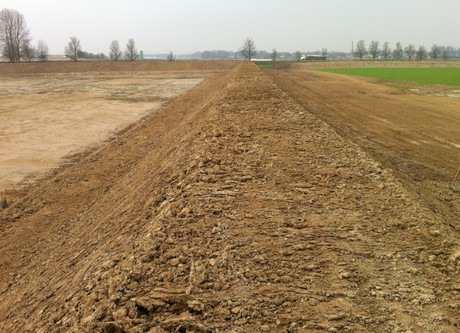 De dijken voor het 1e waterbassin voor van der Kaaij zijn al aangelegd
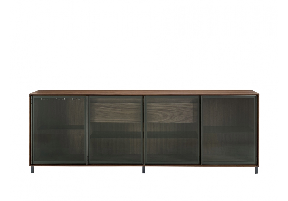 Pandora Glass von Gabriele & Giuliano Cappelletti für Riva 1920 entworfen, ist ein Kommode aus Tischlerplatte mit Glastüren mit Aluminiumstruktur. Die Innenausstattung besteht nur aus Glasböden oder zusätzlich aus zwei innenliegenden Massivholzschubladen mit Griffmulde, die mit Schwalbenschwanzverbindungen verbunden sind. Das Innere des Schranks wird durch LED-Streifen beleuchtet, die auf den mittleren Schultern positioniert sind und deren Zündung automatisch durch Sensoren erfolgt, die beim Öffnen der Türen aktiviert werden.
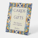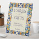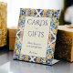 Blauer und braun bunt Vintage mexikanische talavera azulejo Fliesen Hochzeitsgeschenke Tafel, handschriftlich lässigen Schriftart bunte Talavera Fliesen Vintage Ornamente Hochzeitstisch Dekoration

++++++

Repeat all of the listing above word for word, and exclude the pictures.

* _RESULT BELOW_
 De dijken voor het 1e waterbassin voor van der Kaaij zijn al aangelegd
 Pandora Glass von Gabriele & Giuliano Cappelletti für Riva 1920 entworfen, ist ein Kommode aus Tischlerplatte mit Glastüren mit Aluminiumstruktur. Die Innenausstattung besteht nur aus Glasböden oder zusätzlich aus zwei innenliegenden Massivholzschubladen mit Griffmulde, die mit Schwalbenschwanzverbindungen verbunden sind. Das Innere des Schranks wird durch LED-Streifen beleuchtet, die auf den mittleren Schultern positioniert sind und deren Zündung automatisch durch Sensoren erfolgt, die beim Öffnen der Türen aktiviert werden.
 Blauer und braun bunt Vintage mexikanische talavera azulejo Fliesen Hochzeitsgeschenke Tafel, handschriftlich lässigen Schriftart bunte Talavera Fliesen Vintage Ornamente Hochzeitstisch Dekoration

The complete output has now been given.